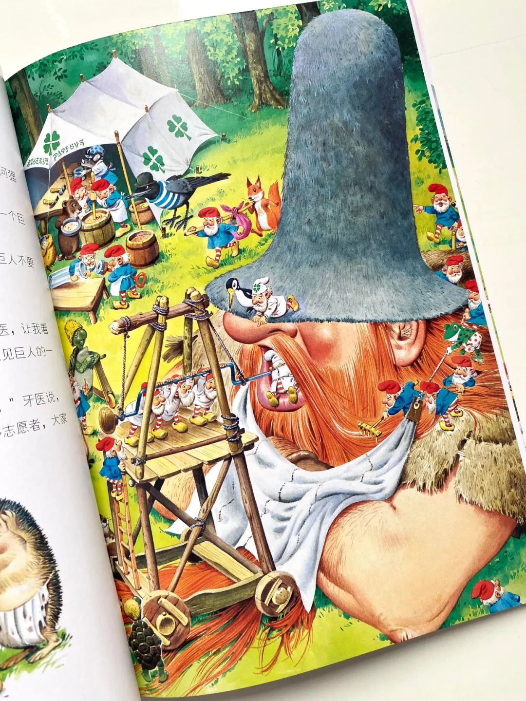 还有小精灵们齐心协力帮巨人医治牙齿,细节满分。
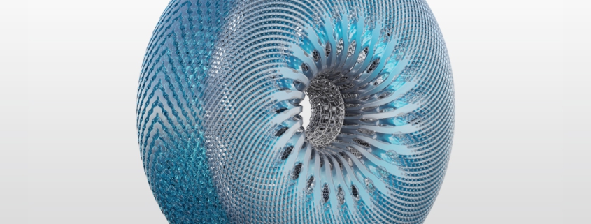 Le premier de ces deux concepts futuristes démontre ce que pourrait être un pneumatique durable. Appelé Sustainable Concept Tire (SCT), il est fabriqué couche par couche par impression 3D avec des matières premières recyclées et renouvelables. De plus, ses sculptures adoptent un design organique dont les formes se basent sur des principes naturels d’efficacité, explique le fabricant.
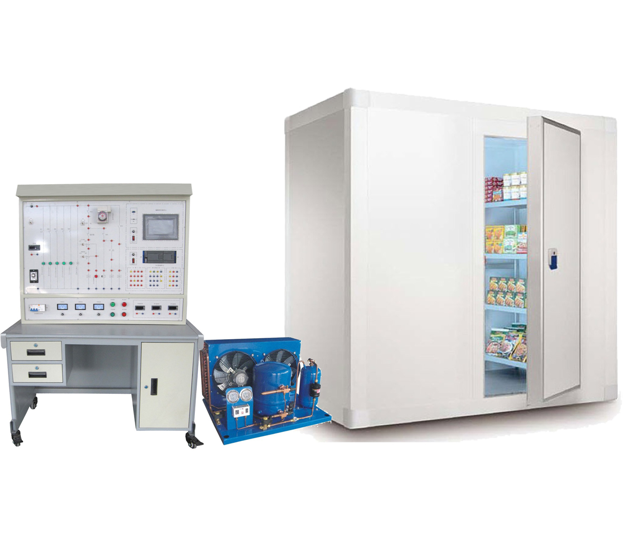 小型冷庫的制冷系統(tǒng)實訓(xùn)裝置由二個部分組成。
■ ■ ■
Print, exactly and only, the lines running from the line with "Le premier de" through the last line of the data, including both. Skip any picture.

 Le premier de ces deux concepts futuristes démontre ce que pourrait être un pneumatique durable. Appelé Sustainable Concept Tire (SCT), il est fabriqué couche par couche par impression 3D avec des matières premières recyclées et renouvelables. De plus, ses sculptures adoptent un design organique dont les formes se basent sur des principes naturels d’efficacité, explique le fabricant.
 小型冷庫的制冷系統(tǒng)實訓(xùn)裝置由二個部分組成。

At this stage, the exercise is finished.